Lets say they end 11.59am of 15th of each month, so you can try to complete a task of this month on the 14th night still  :smiley: .   New missions arrive on the 15th and become active after midday.

----------


## Cookino

I've been on a trip so I haven't been able to focus too much on lding, especially since I went somewhere with a dry and cold weather which I'm not used to and I got a cold, so I always woke up with a sore throat/stuffy which impacted my sleep negatively and made it harder to WBTB. I'm back home now and I have normalized my sleeping habits now. I've also been focusing on other personal goals but now I'm gonna change things up and go for some missions. I'm gonna try either the bat, snake or gangster ones, wish me luck!

----------


## SnowStrider

Well I'm back and finally got around to doing a mission. I managed to successfully incapacitate the gangster with my squad of rappers from Detroit.   Detroit Vs. Al Capone - Dream Journals - Dream Views

That's 5 points for the task and 2 points for finding spaghetti in his pockets for a total of 7 points.

----------


## Saizaphod

> Well I'm back and finally got around to doing a mission. I managed to successfully incapacitate the gangster with my squad of rappers from Detroit.   Detroit Vs. Al Capone - Dream Journals - Dream Views
> 
> That's 5 points for the task and 2 points for finding spaghetti in his pockets for a total of 7 points.

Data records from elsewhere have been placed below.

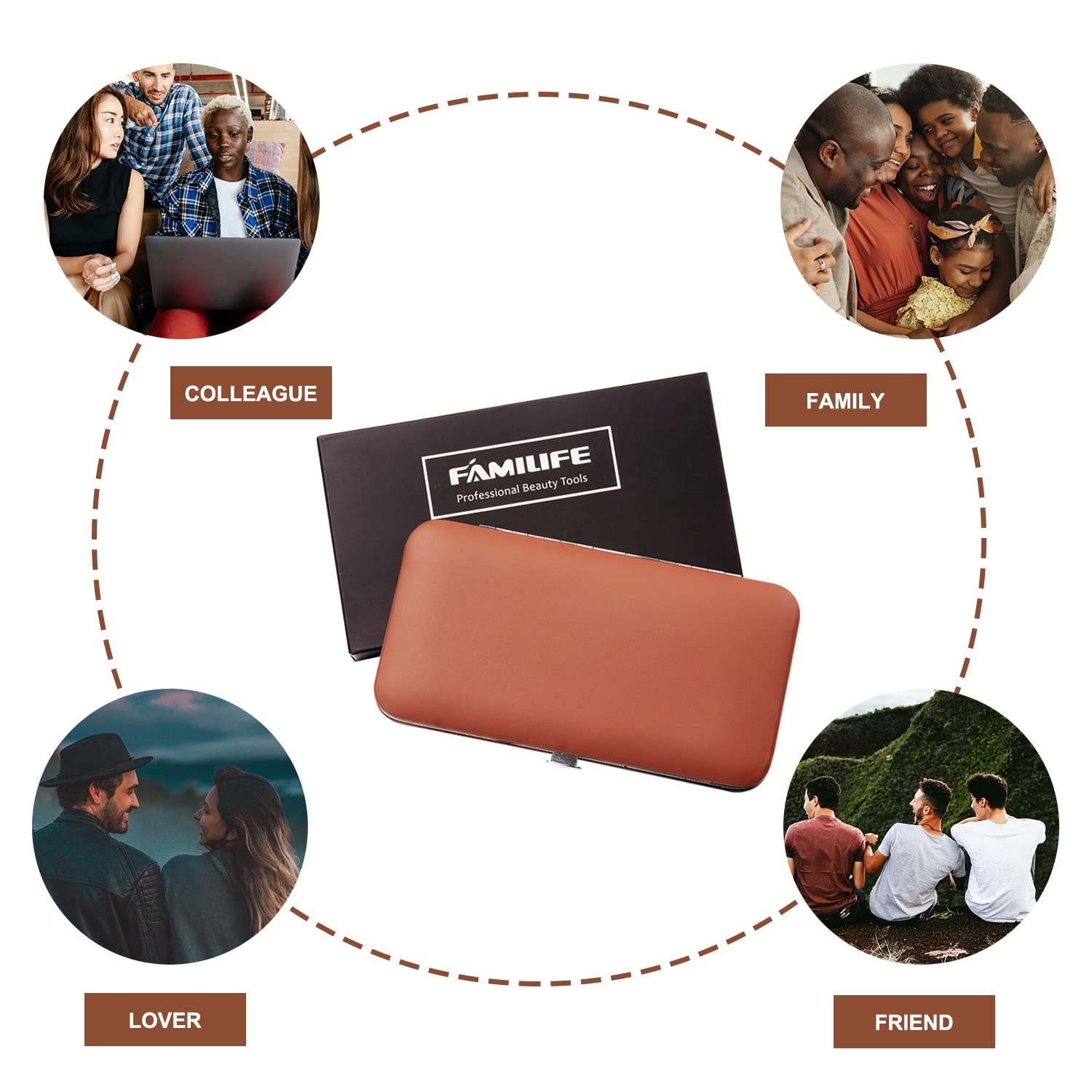 - 【GIFT IDEALS & UNIQUE GIFTS】: FAMILIFE 9-piece mens manicure set with brown luxury leather case and delicate gift box. The gift set perfect as birthday gifts for men, teacher gifts, boyfriend gifts, women gifts, dad gifts, best friend gifts, Christmas Gifts, Thanksgiving Gifts, Father's Day Gifts, Mother's Day Gifts, Thanksgiving Gifts, Valentine's Day Gifts and more
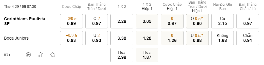 Tỉ lệ kèo Corinthians vs Boca Juniors
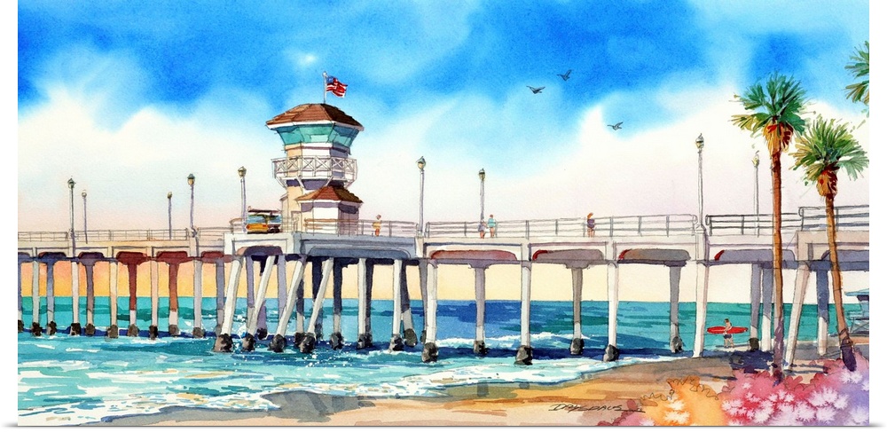 Art Decorative Art Bill Drysdale Landscapes Beaches Docks and Piers Painting California Watercolor
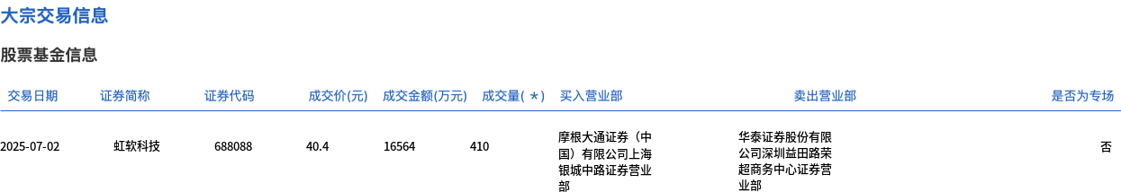 虹软科技今日大宗交易折价成交410万股,成交额1.66亿元
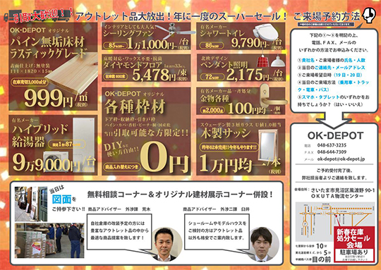 OK-DEPOTでは、お客様への日頃の感謝をこめて、年に一度の新春在庫処分セールを弊社物流センターにて行います!
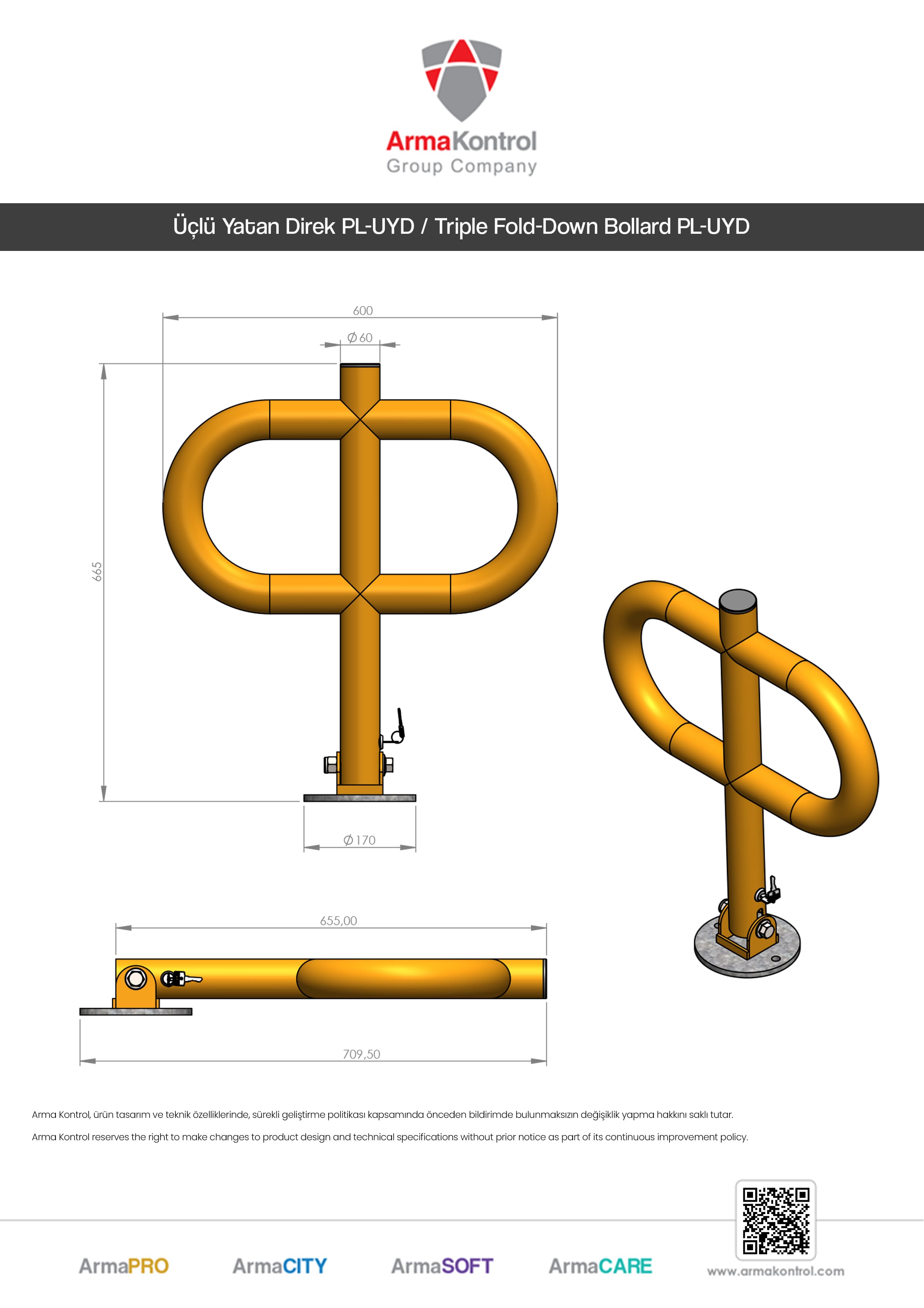 Üçlü yatar direk sistemi mekanizması tekli yatar ürün grubu ile aynı sistemde çalışmakta olup geniş alanları kapatmak, çöp konteynırları vb. alanlardaki araç çarpmasını engellemek gibi farklı amaçlarla da kullanılmaktadır Gece görünmesi için üzerinde reflektif bant bulunmaktadır.

You used dream powers against _multiple_ gangsters, but the mission was to go against only one. You faced the sole gangster using no SDPs nor Dream powers at all, so you get a total of 12 Points! Very nice  :smiley:

----------


## MadMonkey

I summoned DreamCafe11 and did the bomb mission with her. We didn't really difuse it so I don't think it counts for anything but it was fun! FireFlyMan and DreamCafe11 - Dream Journals - Lucid Dreaming - Dream Views My drawing of Tatsumonki is inacurate now because I guess I don't change height. That is okay because I prefer being my own height anyways.

----------


## Saizaphod

> I summoned DreamCafe11 and did the bomb mission with her. We didn't really difuse it so I don't think it counts for anything but it was fun! FireFlyMan and DreamCafe11 - Dream Journals - Lucid Dreaming - Dream Views My drawing of Tatsumonki is inacurate now because I guess I don't change height. That is okay because I prefer being my own height anyways.



1 Point for having visual contact of the opponent  :smiley: 

Ps. Last night for this month's missions!  :smiley:

----------


## Kuyarei

Looking forward to the next month's missions. I may be able to participate this time!

----------


## Saizaphod

*Missions of the third month have arrived Heroes!*

Closing this thread tomorrow. If you managed to complete a task of this month and didn't manage to post it here, you can post it on the third month's mission thread.  :smiley:

----------


## gab

_Closed per OPs request. New thread is ready for you, please check the post above._

----------